*** Block opens ***

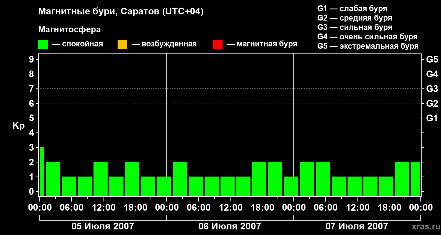 Изменения геомагнитного индекса Kp с 5 по 7 июля 2007 года для средних широт
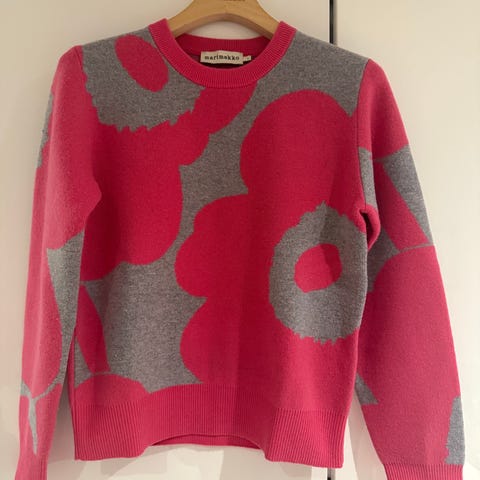 Marimekko pinkki-harmaa Silfa Unikko neule, koko S. Uusi ja käyttämätön lapuilla. 80% villa, 20% polyamidi.
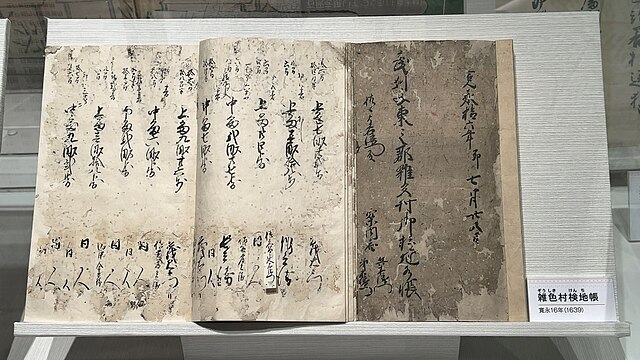1590 年代には、土地調査の実施に多大な努力が払われました。太閤検地 (たいこうけんち) は、この時代の有名な土地測量です。新しい測定単位 (チェーン) が採用されました。個々の区画は注意深く測定され、その所有者が特定されました。将軍の国家機構が機能するには税金が必要でした。これらの土地調査は、日本各地から税金を徴収するための重要な手段でした。
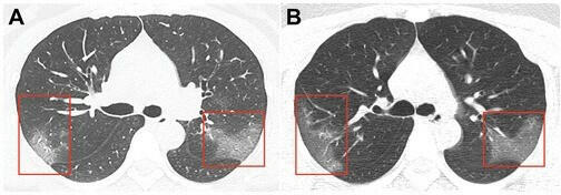 Jurnalda dərc edilmiş təsvirlər Çinin Lançjou şəhərində 39 dərəcə temperaturla xəstəxanaya yerləşdirilmiş 33 yaşlı qadının kompüter tomoqrafiyası nəticəsində alınıb.

*** Block closes ***

Leave the pictures out and return the rest of the material exactly.

 Изменения геомагнитного индекса Kp с 5 по 7 июля 2007 года для средних широт
 Marimekko pinkki-harmaa Silfa Unikko neule, koko S. Uusi ja käyttämätön lapuilla. 80% villa, 20% polyamidi.
1590 年代には、土地調査の実施に多大な努力が払われました。太閤検地 (たいこうけんち) は、この時代の有名な土地測量です。新しい測定単位 (チェーン) が採用されました。個々の区画は注意深く測定され、その所有者が特定されました。将軍の国家機構が機能するには税金が必要でした。これらの土地調査は、日本各地から税金を徴収するための重要な手段でした。
 Jurnalda dərc edilmiş təsvirlər Çinin Lançjou şəhərində 39 dərəcə temperaturla xəstəxanaya yerləşdirilmiş 33 yaşlı qadının kompüter tomoqrafiyası nəticəsində alınıb.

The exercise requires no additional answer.